Task description
Transcribe all of the records word for word, but omit the pictures.

Data records

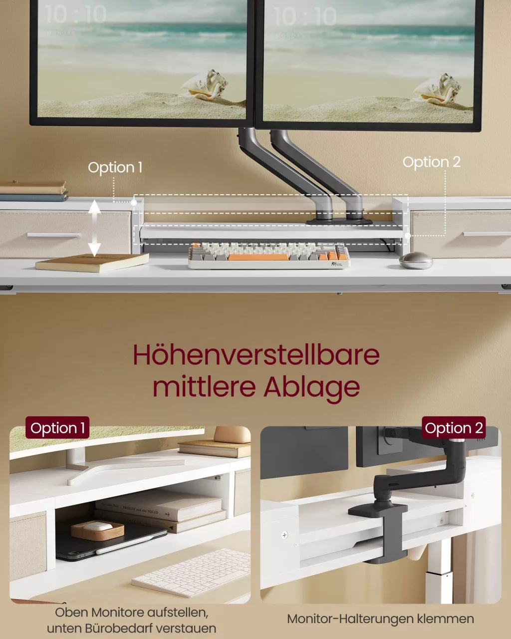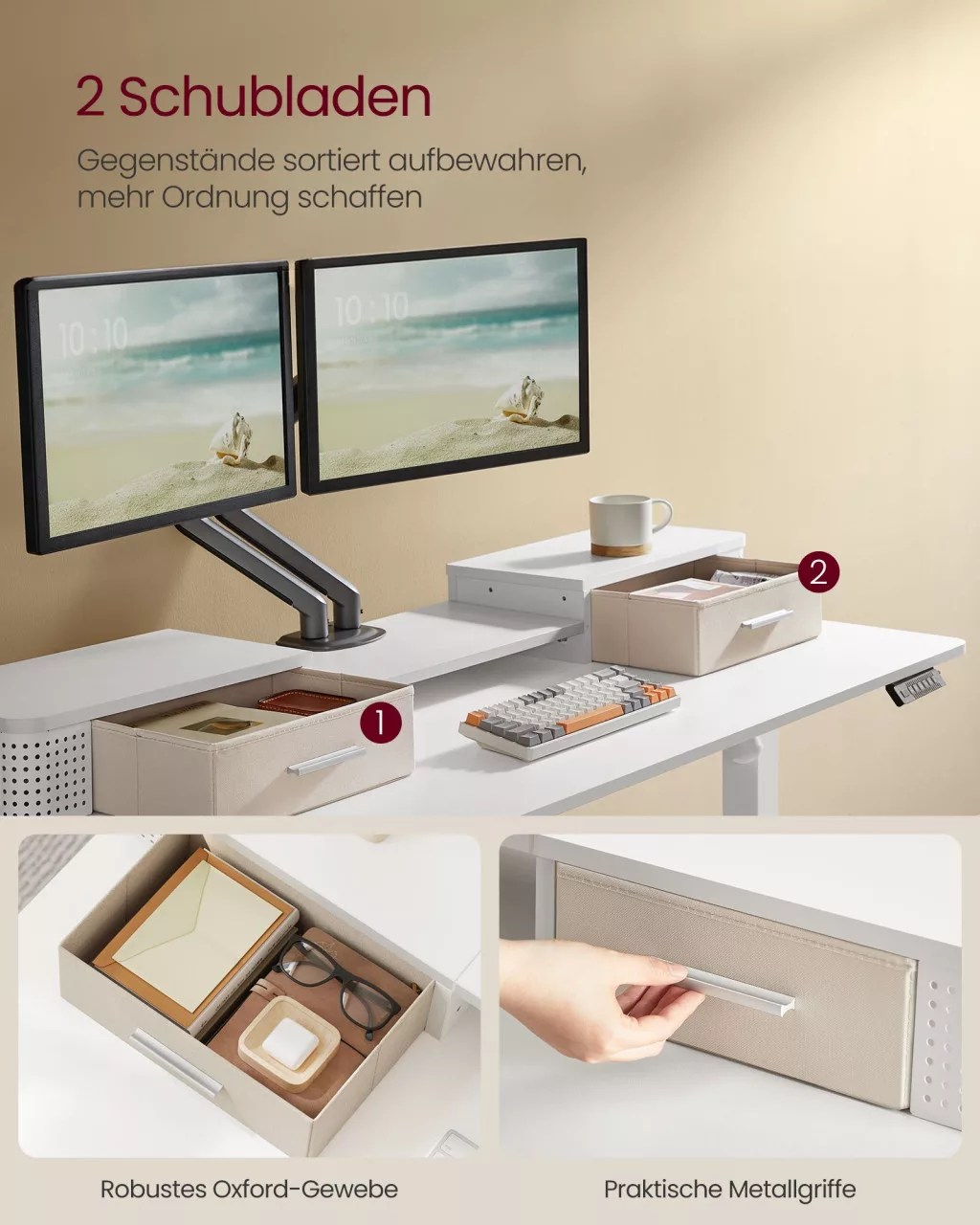 VASAGLE Smart Elektromos Állítható Magasságú Íróasztal Monitortartóval Felhőfehér
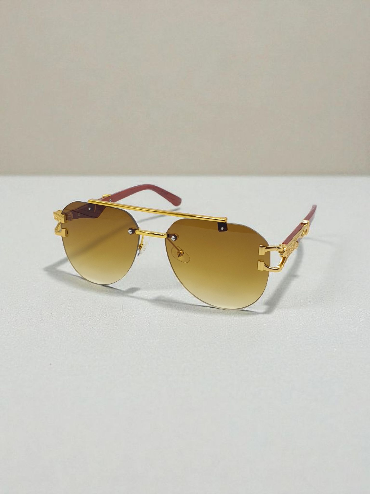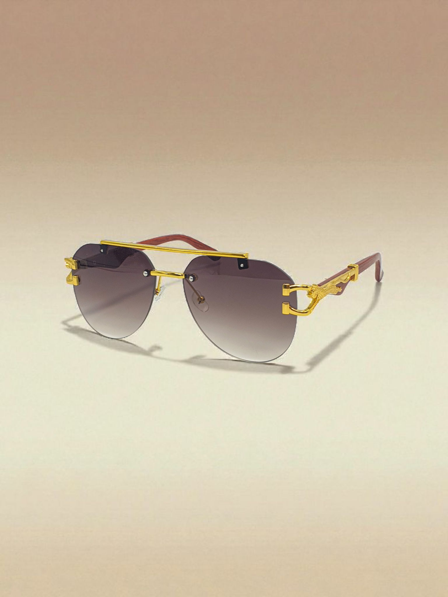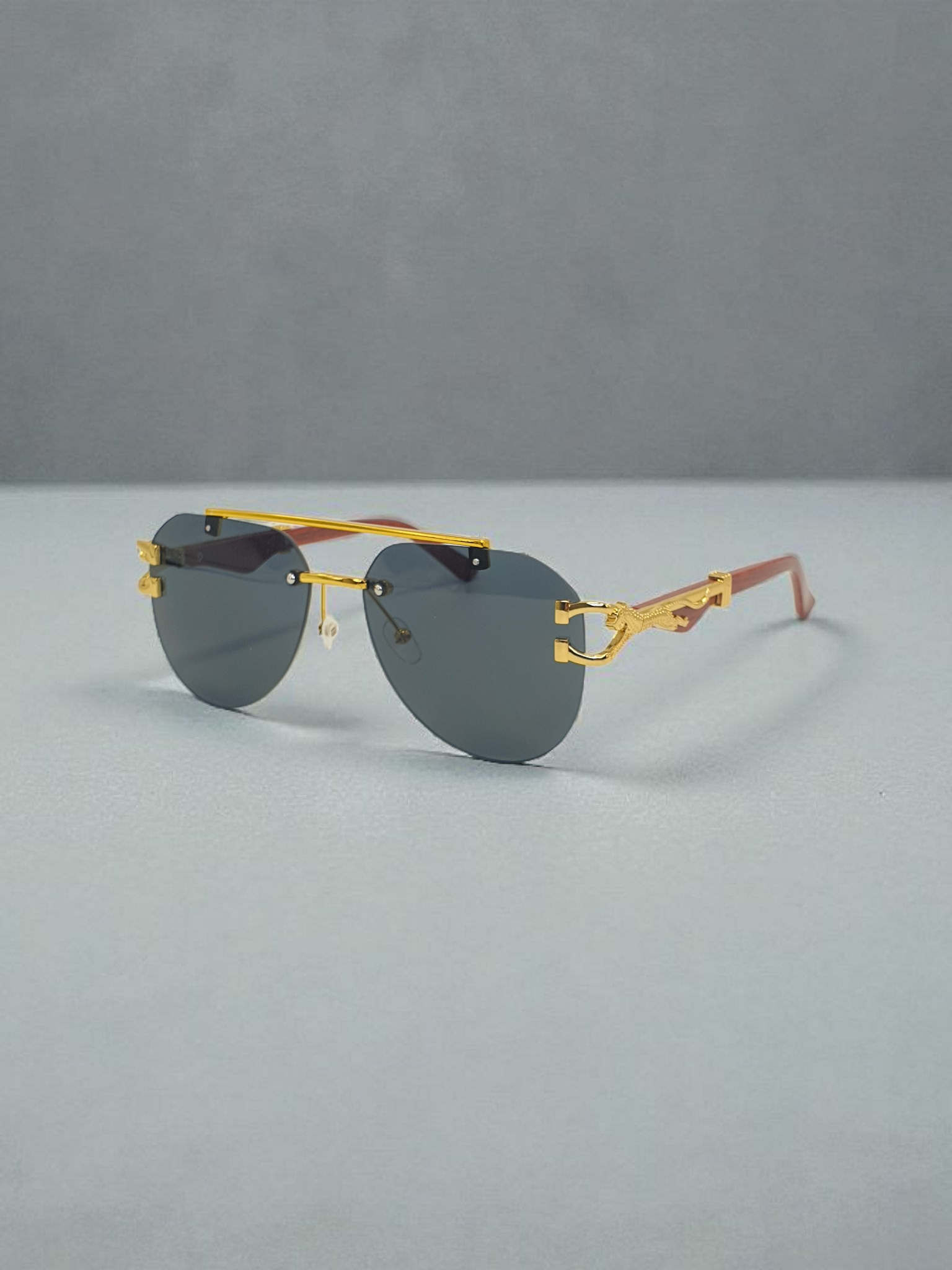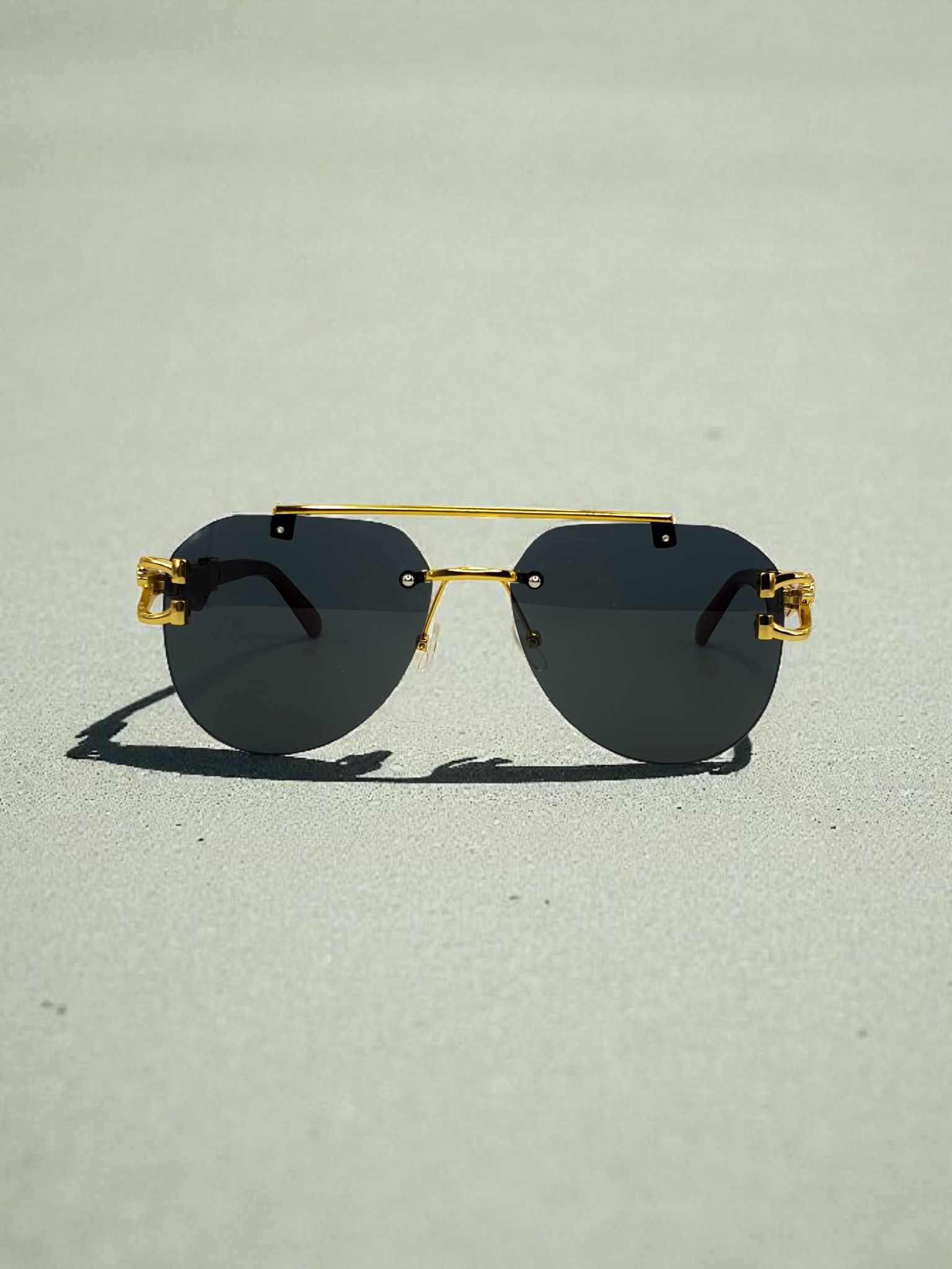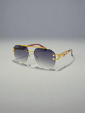 Precision-cut metal accents on the temples, featuring an intricate sculpted emblem
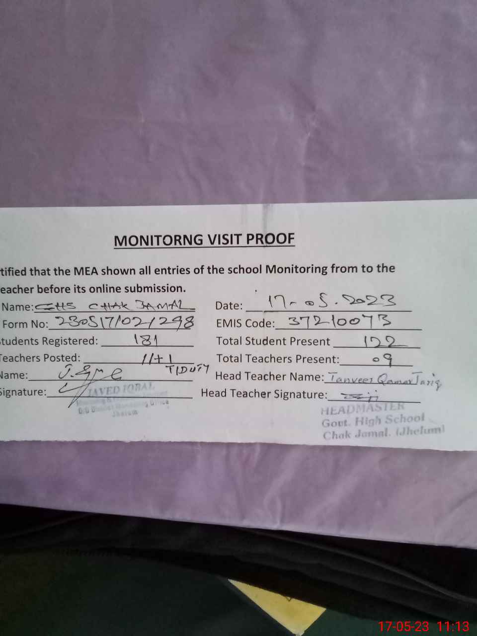 | EMIS Code: 37210073 | Name of School: GHS CHAK JAMAL | |||
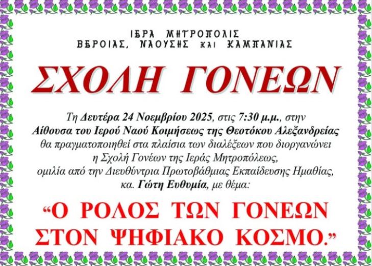 Ο ρόλος των γονέων στο ψηφιακό κόσμο από την Σχολή Γονέων της Ιεράς Μητροπόλεως στον ΙΝ Κοιμησεως της Θεοτόκου στην Αλεξάνδρεια
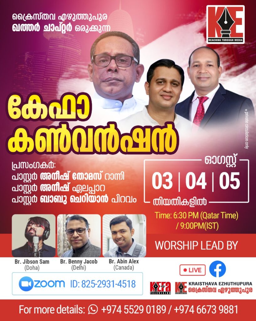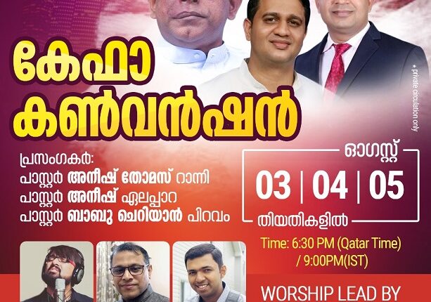 ക്രൈസ്തവ എഴുത്തുപുര ഖത്തർ ചാപ്റ്റർന്റെ നേതൃത്വത്തിൽ ‘കേഫാ കൺവൻഷൻ’ 2020 നാളെ മുതൽ.

Result of the exercise
 VASAGLE Smart Elektromos Állítható Magasságú Íróasztal Monitortartóval Felhőfehér
 Precision-cut metal accents on the temples, featuring an intricate sculpted emblem
 | EMIS Code: 37210073 | Name of School: GHS CHAK JAMAL | |||
 Ο ρόλος των γονέων στο ψηφιακό κόσμο από την Σχολή Γονέων της Ιεράς Μητροπόλεως στον ΙΝ Κοιμησεως της Θεοτόκου στην Αλεξάνδρεια
 ക്രൈസ്തവ എഴുത്തുപുര ഖത്തർ ചാപ്റ്റർന്റെ നേതൃത്വത്തിൽ ‘കേഫാ കൺവൻഷൻ’ 2020 നാളെ മുതൽ.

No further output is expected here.